- Myanmar will lift its two-year ban on foreign tourists on April 17
- Visitors will have to be fully vaccinated, take two PCR tests and quarantine for a week
- The nation's tourism industry took a hit from the pandemic and violence around the junta's takeover
Myanmar will resume international passenger flights from April 17, the military said on Saturday, lifting a two-year ban on foreign tourists.
Reopening & resuming the economy
The South-East Asian nation closed its borders to visitors in March 2020, at the beginning of the COVID-19 pandemic, in an attempt to prevent rising infections.
Myanmar was further isolated after a coup last year saw huge protests and a bloody military crackdown on dissent, sending its economy — including its tourism industry — into freefall.
"We will open all international flights on 17 April, and can fly as regularly," said the National Central Committee on Prevention, Control and Treatment of Coronavirus Disease, citing falling COVID-19 infections.
In a statement, it said the decision was "in order to improve the tourism business sector, and in order to have smooth trip for visitors who come to visit Myanmar".
Visitors will be required to quarantine for a week — undergoing two PCR tests — and must be fully vaccinated, according to the Health Ministry.

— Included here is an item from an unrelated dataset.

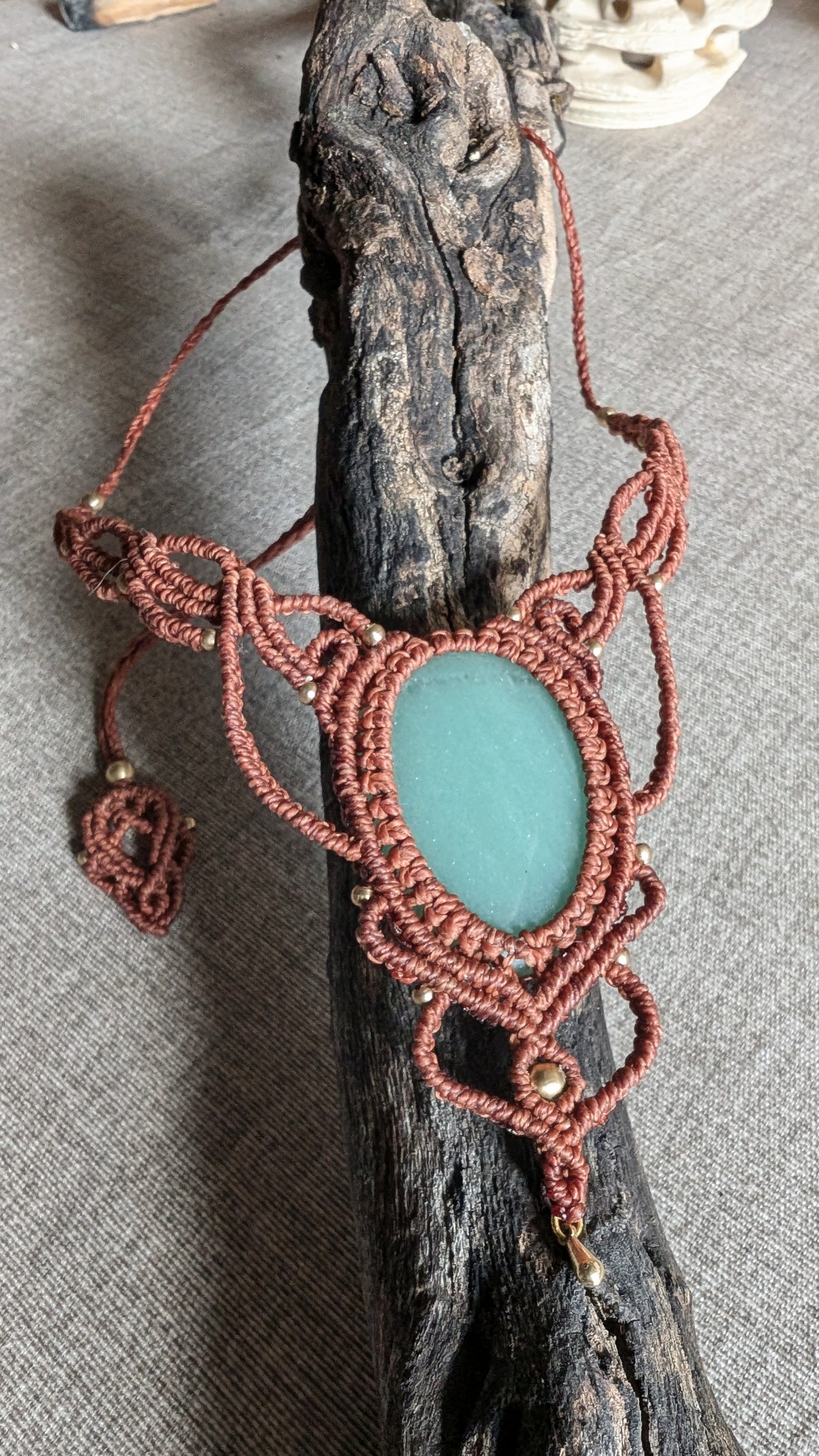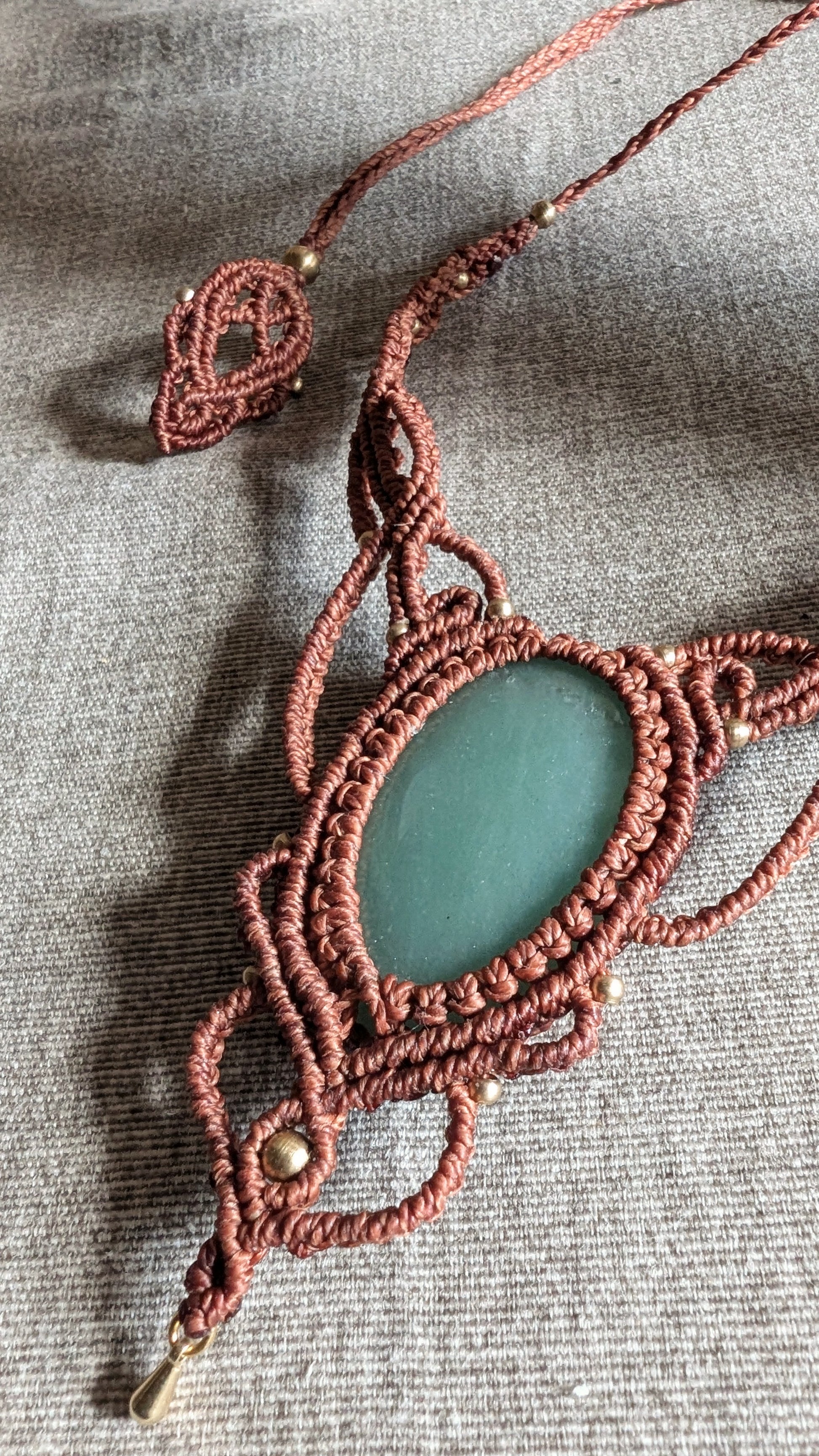 Splendida collana a girocollo interamente intrecciata a mano con pietra avventurina e perline in ottone.

Pandemic, coup paralyse tourism
Myanmar's tourism industry was battered by the pandemic, with the country registering 40,000 daily COVID-19 cases at its peak last year. It has recorded almost 20,000 deaths in total.
Spiralling violence following the junta's takeover has also dented business, with many international firms pulling out of the nation.
More than 1,600 people have been killed by security forces and more than 11,000 people arrested since the coup, according to a local monitoring group.